The small park across the street was still ablaze with the fiery green of the May morning as lawn and trees and flowerbeds vibrated with the luminous colour of the season.  She sat on top of the granite memorial plaque in the cenre that commemorated the hotel that had burned there to the ground.  She could almost see the child in the white nightshirt waiting for her.  A luminous joy, like a flaming fire serpent swept suddenly through Alice and she leapt off the memorial plaque and began dancing around in circles, whirling in the soft brilliant spring sunshine.  Music she had never heard in her life pulsed inside her head as she danced and spun and leapt and laughed, like a dervish, like Salome, like an ancient temple dancer, a splendour of turquoise, crimson and saffron here where one night forty years ago her love had died and now here she was rising out of the ashes.
She soon felt tired and sat down in the still slightly damp grass.  A small dog, a beagle, ran towards Alice and leapt into her waiting arms.  While the dog licked her face and squirmed with delight in her lap, Alice, feeling the soft warmth of the sun all over her, began to weep, and vowed that she would go on weeping until every tear had washed away from her mind every bad memory of all the years of her life and bring her the joy she had always been deprived of.  While the dog settled and cuddled serenely against her breasts his owner, a young woman, came over.
            “He’s not always so friendly with people,” she said to Alice.  
            Alice smiled without speaking, gently gathered up the beagle and handed him over to the young woman.
“Have a nice day,” the girl said with a hint of a smile as she attached a leash to the beagle’s collar.  As though she had never spoken to her she walked away from Alice with her dog and she remained on the grass watching them slowly grow smaller till they disappeared around the corner forever from her sight.
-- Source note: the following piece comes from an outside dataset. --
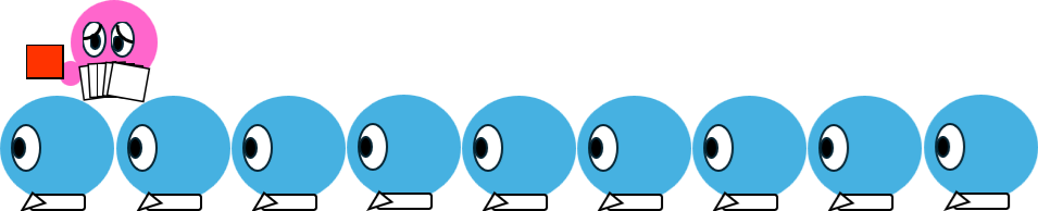 n人のプレイヤーが、自分の前にいるプレイヤーの帽子の色しか見えないように並ぶ。かぶせ手が赤い帽子1個と白い帽子nマイナス1個のうち、どれかを彼らにかぶせる。
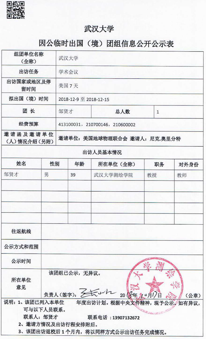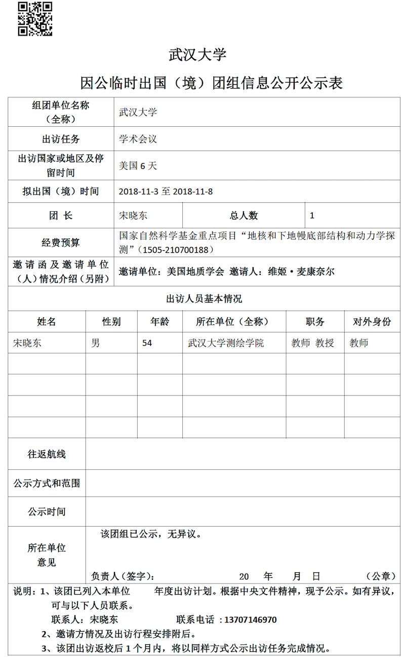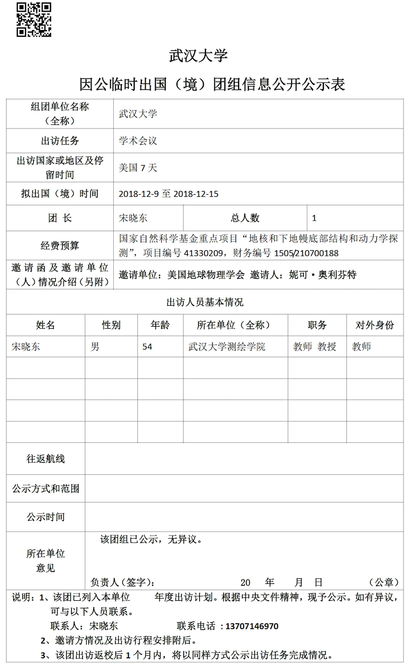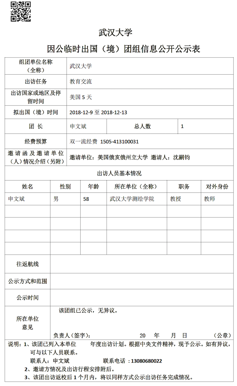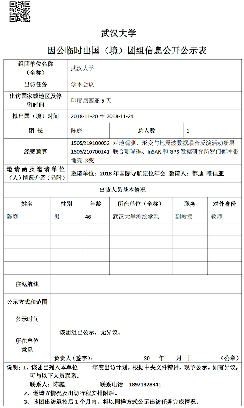 因公临时出国(境)信息公示

She got up.   Todd was standing in the doorway looking at her.  Her bum felt a little bit damp from the wet grass. She waved to him feebly and he waved back.  She smiled and walked away, leaving the park and the vanished hotel and its burning dead and walked the short distance home to her little subsidized apartment.  When she opened the door she went straight to the kitchen sink, ignoring the clutter of papers, books and scattered clothing on the floor.  She sneezed twice from the dust then stood waiting for the running water to get cold. Just before she reached for a clean glass, she gently caressed the body of Jesus on the white plastic crucifix of her rosary and was scarcely aware of the soft little smile that was only beginning to form on her face.